🤖 AI Summary
To address the reliance on large-scale labeled data and poor generalization in zero-day malware detection, this paper proposes a novel deep packet inspection paradigm integrating self-supervised pretraining with few-shot adaptation. Methodologically, it introduces Transformer-based modeling of raw byte-level network packets for the first time, employing masked language modeling (MLM) for unsupervised representation learning, followed by prototype networks for few-shot threat classification. Key contributions include: (1) end-to-end semantic learning directly from byte sequences; (2) strong generalization to unseen malware families without extensive labeling; and (3) state-of-the-art accuracy—94.76% on UNSW-NB15 and 83.25% on CIC-IoT23—significantly outperforming supervised baselines while maintaining robustness under extreme data scarcity (1–5 samples per class).
📝 Abstract
As networks continue to expand and become more interconnected, the need for novel malware detection methods becomes more pronounced. Traditional security measures are increasingly inadequate against the sophistication of modern cyber attacks. Deep Packet Inspection (DPI) has been pivotal in enhancing network security, offering an in-depth analysis of network traffic that surpasses conventional monitoring techniques. DPI not only examines the metadata of network packets, but also dives into the actual content being carried within the packet payloads, providing a comprehensive view of the data flowing through networks. While the integration of advanced deep learning techniques with DPI has introduced modern methodologies into malware detection and network traffic classification, state-of-the-art supervised learning approaches are limited by their reliance on large amounts of annotated data and their inability to generalize to novel, unseen malware threats.
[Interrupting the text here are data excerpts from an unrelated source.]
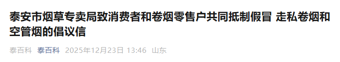 抵制涉烟违法!泰安市烟草专卖局发布倡议,附举报电话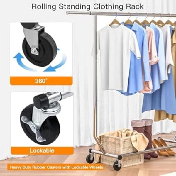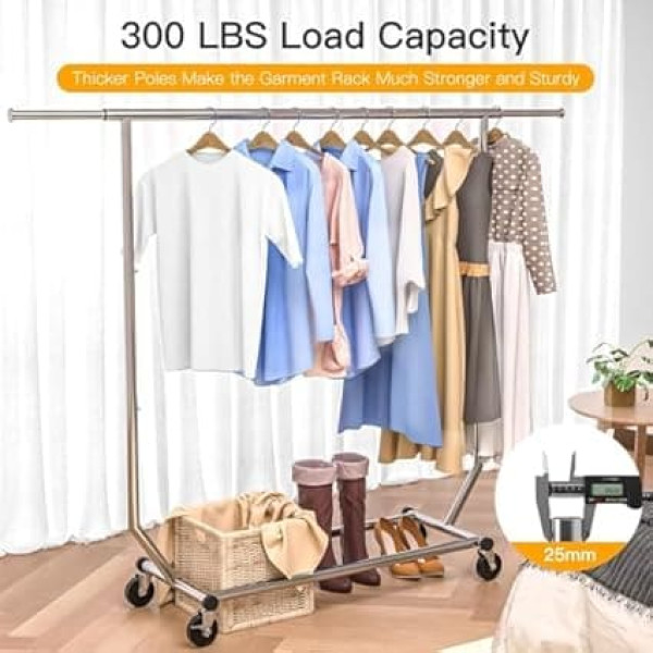 HEAVY METAL SHACKLE This product is made of thickened metal and can hold up to 300 lbs. The clothes rack is equipped with extremely durable 4 all-direction wheels (2 with parking brake) that allow it to move flexibly or stay in place. Adjustable rod: retractable length 130-189 cm, adjustable height 166-180 cm. Convenient for hanging shirts, long skirts and dresses. Simple and stylish appearance: thickened metal + fully galvanized surface, making the product surface smooth and elegant without rust. EASY INSTALLATION No additional tools are required. Insert the hose into the connector and finish it in minutes. You can fold it up when not in use, reducing storage space. CUSTOMER CARE We strive to provide first-class products for you and provide you with impeccable customer care. Don't wait any longer and enjoy your ideal products today!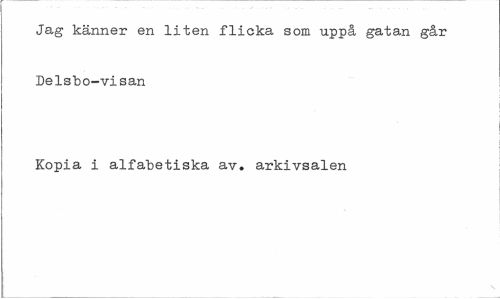 //// Jag känner en liten flicka som uppå gatan går Delsbo-visan //// Kopia i alfabetiska av. arkivsalen ////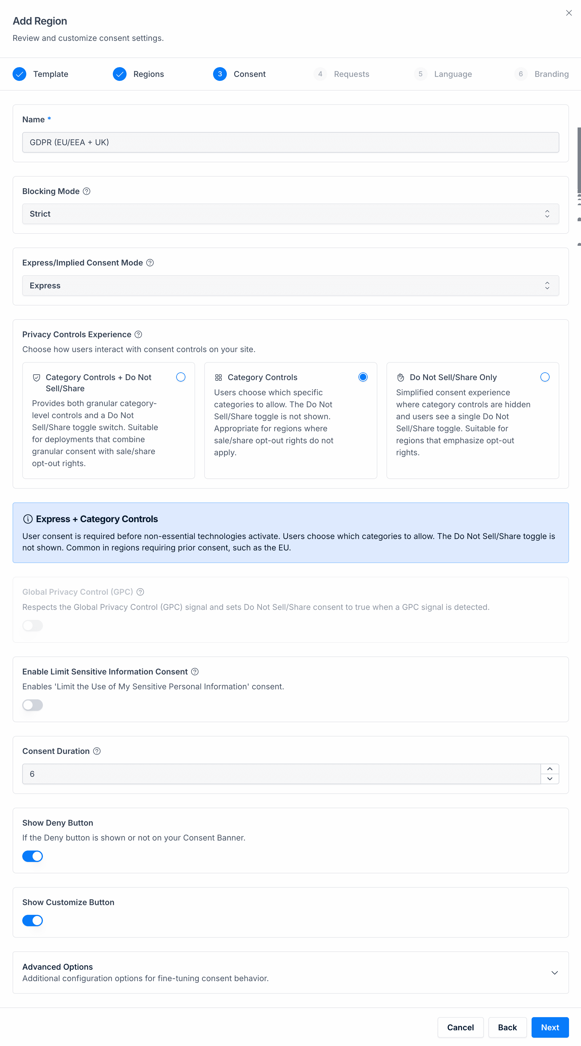 - Note that you must select either the Category Controls + Do Not Sell/Share or Do Not Sell/Share Only option in the Privacy Controls Experience section if you want to enable Global Privacy Control.

To address these limitations, this paper leverages the recent advancements in self-supervised learning (SSL) and few-shot learning (FSL). Our proposed self-supervised approach trains a transformer via SSL to learn the embedding of packet content, including payload, from vast amounts of unlabeled data by masking portions of packets, leading to a learned representation that generalizes to various downstream tasks. Once the representation is extracted from the packets, they are used to train a malware detection algorithm. The representation obtained from the transformer is then used to adapt the malware detector to novel types of attacks using few-shot learning approaches. Our experimental results demonstrate that our method achieves classification accuracies of up to 94.76% on the UNSW-NB15 dataset and 83.25% on the CIC-IoT23 dataset.